As noted above, significant dangers involved in discussing cross-cultural differences are overgeneralizing cultural differences and overlooking intracultural differences. It is important to recognize that subcultures exist within larger cultures. Some cultural characteristics may be shared by most Whites, yet Whites raised in poor, rural Appalachia may have different values, mannerisms, and communication patterns than Whites raised in San Francisco. Likewise, middle- and upper-class Blacks of Los Angeles will share certain characteristics with Blacks raised in the blighted areas of south Los Angeles, yet will vary considerably in values, mannerisms, and communication patterns. The same can be said of Asians raised in dense inner-city conclaves versus those who move to smalltown America, or of Utes raised on a reservation far from the urban world compared with Utes raised in the fast pace of a metropolis.
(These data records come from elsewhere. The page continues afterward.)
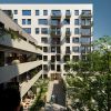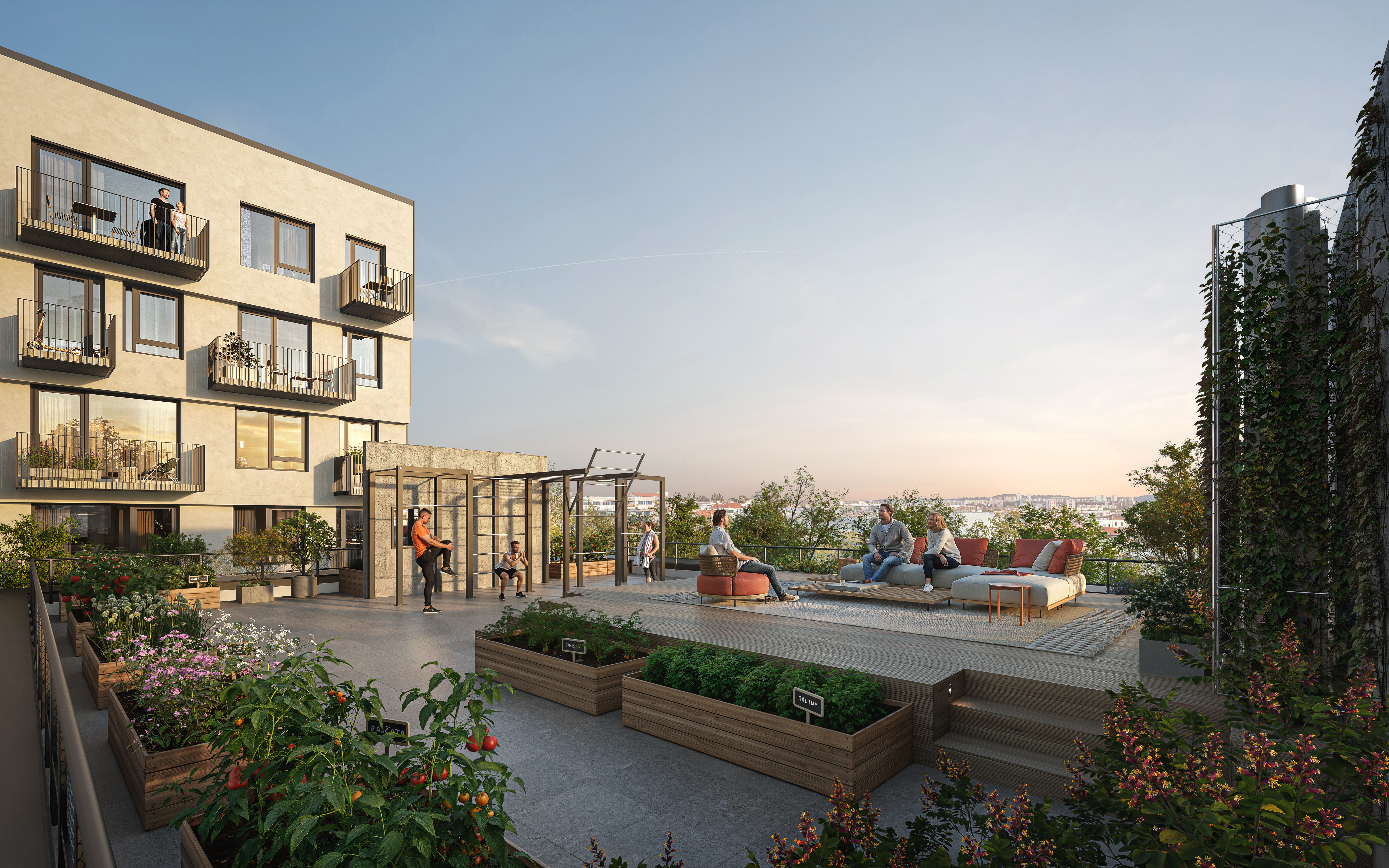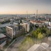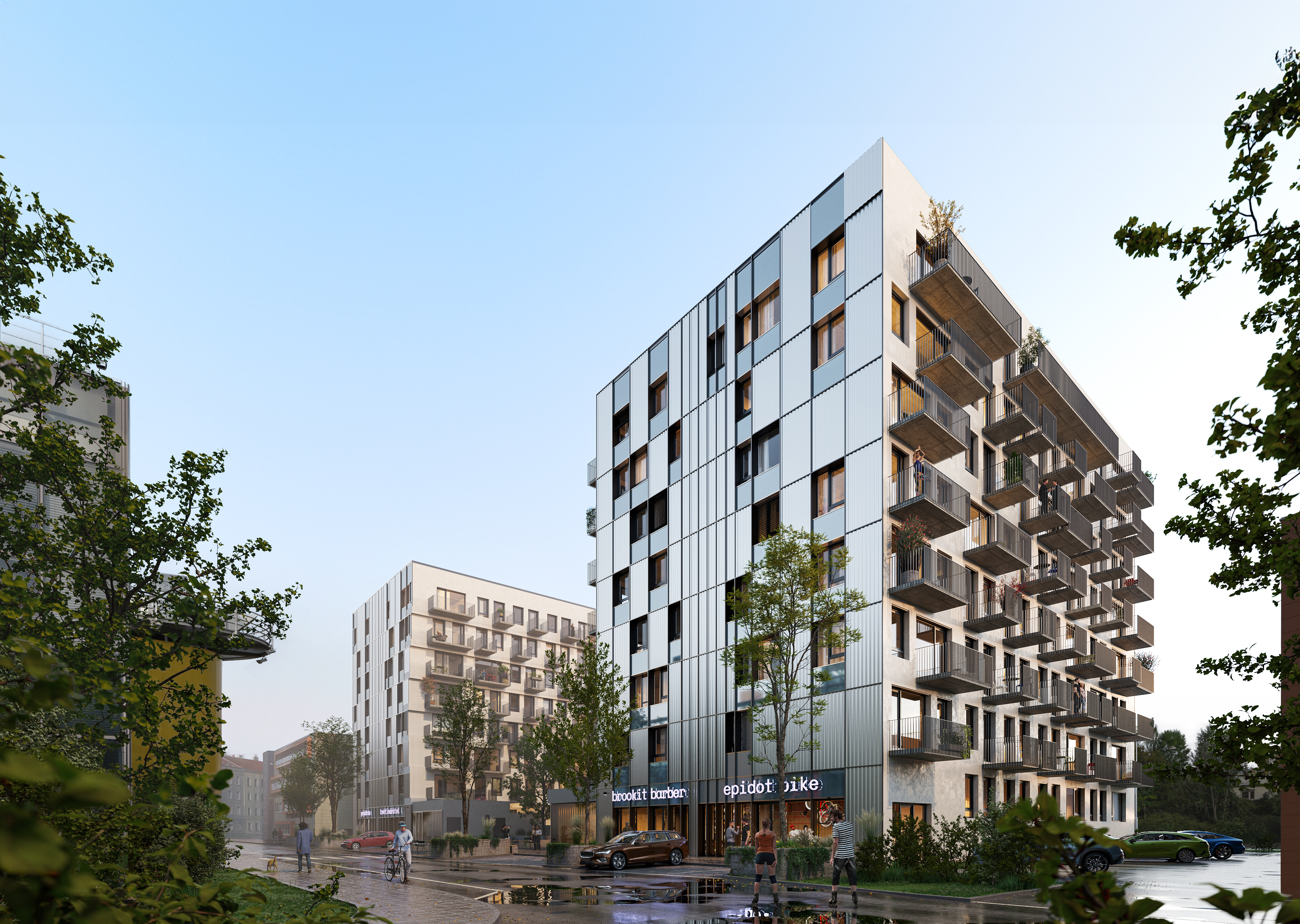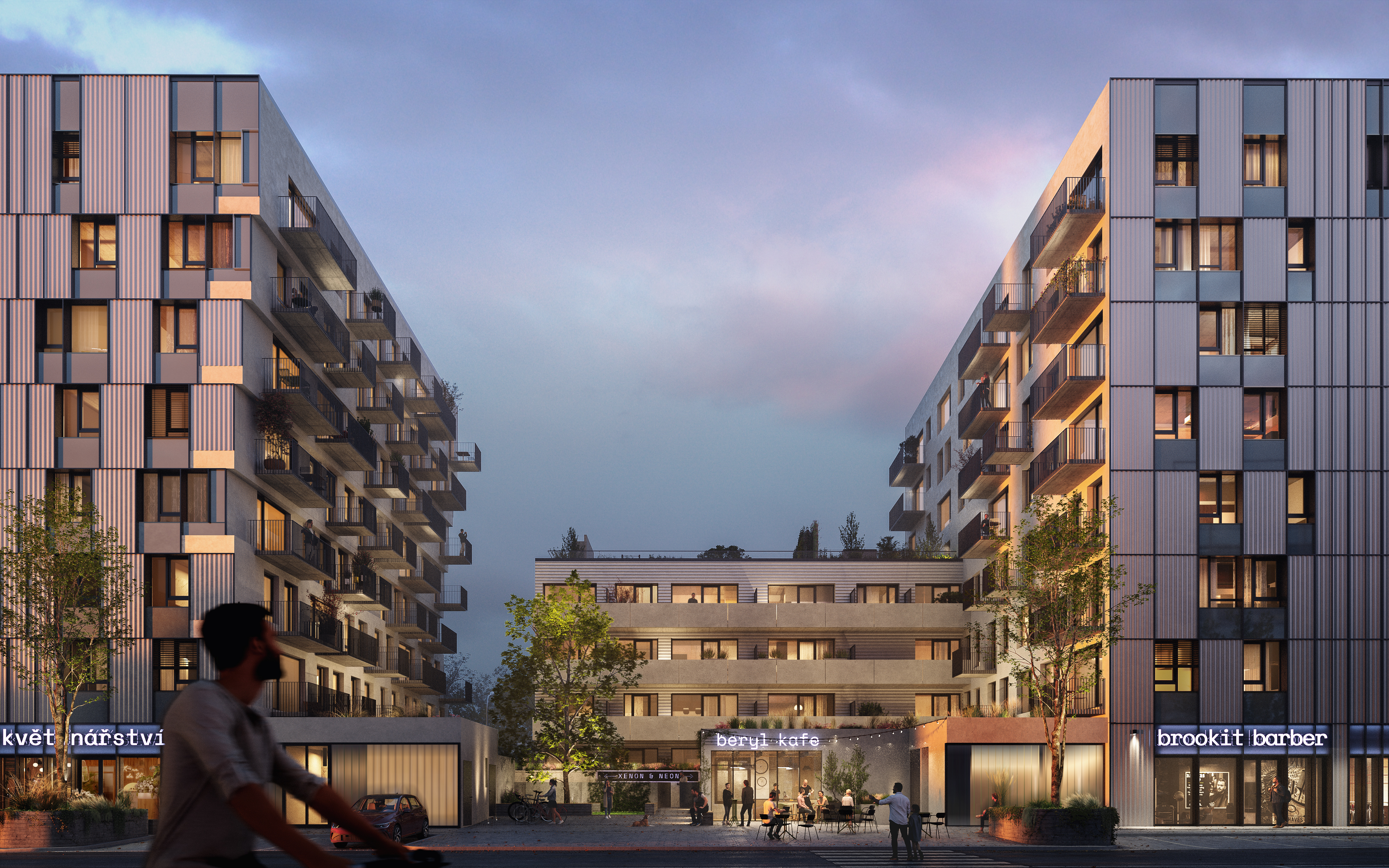 Architektonický návrh studia A8000 citlivě odkazuje na industriální minulost areálu a pracuje s promyšlenou kombinací materiálů – od plechových a skleněných panelů přes pohledový beton až po kontrastní bílé omítky. „Vycházeli jsme z klasického městského bloku, který jsme přizpůsobili specifikům lokality tak, aby reagoval na její minulost i budoucí potenciál,“ říká Anna Vršková ze studia A8000.
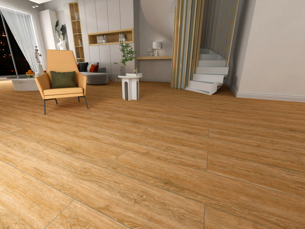 La Cerámica Tipo Madera Nogal Miel Cálido evoca la riqueza y calidez de las maderas tropicales en su tono más natural y auténtico. Su superficie presenta vetas generosas y nudos expresivos en tonos miel, caramelo y ocre que reproducen con gran fidelidad la textura viva de la madera, transmitiendo una energía cálida y acogedora en cada pieza.
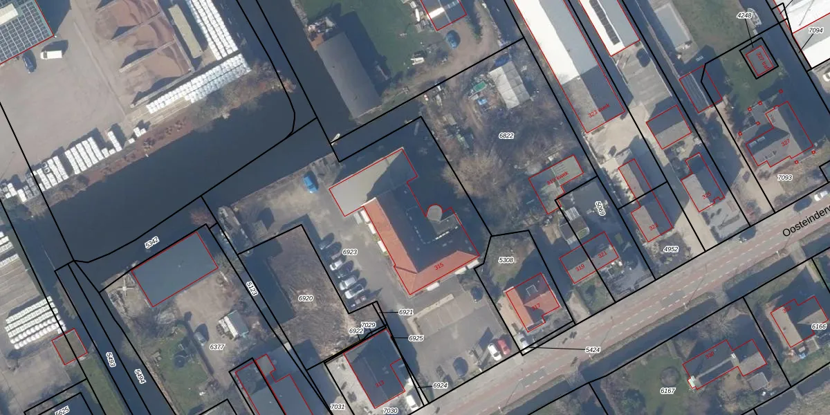 Het perceel waarop Oosteinderweg 315-G staat heeft een oppervlakte van 2495 m². Dit is een zeer groot perceel. De perceeloppervlakte wordt geregistreerd door het Kadaster. Gedetailleerde informatie over de maten van dit perceel kunt u vinden in het rapport Kadastrale kaart met maatvoering van Oosteinderweg 315-G.
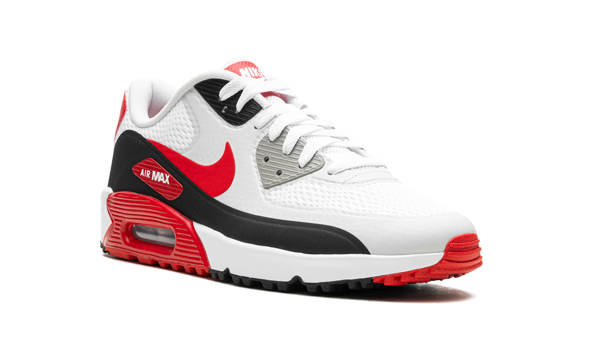 The Nike Air Max 90 Golf “University Redâ€?is an alternate version of the vintage performance running shoe redesigned for the fairway. The “University Redâ€?Air Max 90 Golf has a classic. '90s-inspired look that plays into the shoe's throwback design. It features a white mesh base with light grey leather overlays throughout. A University Red leather Swoosh logo appears on both sides. and an “Air Maxâ€?branding overlay is found on the lateral side of the shoe. Small nubs on the outsole provide traction on a golf course. Release date: March 31. 2023

Race, socioeconomic status, ethnicity, gender, religion, sexual orientation, rural or urban residence, and many other defining characteristics shape how an individual views the world and his or her place in that world. These factors influence whether there is a propensity to blame the offender, the victim, or the community for crime and whether participants come to a "justice program" seeking revenge or repair, desiring to act or to be acted upon, or expecting hope or defeat.

Opportunities for restorative justice can only be enhanced when those who work in justice programs make the time and expend the energy to understand cultural differences and related communication problems.

Racism as a Subset of Cultural Conflict

While race and culture are intertwined, they are not one and the same. As indicated above, speech patterns, intensity of communication, interpretation of nonverbal cues, and many other nuances of interaction are influenced by the mix of race and culture. Although it would be a mistake, for example, to assume that Blacks from different social classes and different regions of the culture communicate and handle conflict in the same ways, the fact of being Black is likely a—if not the—key determining factor in how they perceive the world and how others perceive them.

The extent to which Blacks are aware of being overtly or covertly subjected to prejudice and discrimination because of the color of their skin influences their communication and efforts at conflict resolution with persons of other races. Previous experiences of individual or institutional racism affect the role Blacks play in any interaction: whether they are open or on guard, passive or aggressive.

The impact of racism is a potential contextual variable in restorative justice programs in which participants are of different races. Where there is an imbalance of political power associated with race, one may expect to find resources for schools, recreation, police, and so on to be weighted in favor of the group with the most political clout. In the United States, this often means that Whites have more resources, since representatives of their racial group are most often in positions of political power. It would be erroneous, however, to assume that there are not also consequences of racism felt in localities where, for example, Blacks have more political power than Hispanics, or Hispanics have more political power than American Indians, or Asians have more political power than Whites. Racism is not the prerogative of persons of only one skin color.

Staff, paid or volunteer, need to analyze closely their own behaviors to determine to what extent racism may be subtly apparent in their nonverbal behaviors or assumptions about the worlds of the victim and the offender. For example, do nonverbal actions such as folding one's arms, scooting a chair backward, or shuffling papers indicate discomfort and a desire to be somewhere else? Each of these behaviors may simply be an acceptable part of communication or they may be suggestive of prejudice. Do we assume that the American-Indian youth offender sitting before us comes from a broken family of alcoholics, is lazy, and has no goals? These descriptors may, in fact, describe a particular youth. But when they are assumed because of the youth's skin color, they represent a racist attitude. Actions taken based on those assumptions, such as withholding educational services because the youth is believed to be lazy or failing to acknowledge the strengths of the existing family structure because "it's not normal," are signs of racial discrimination.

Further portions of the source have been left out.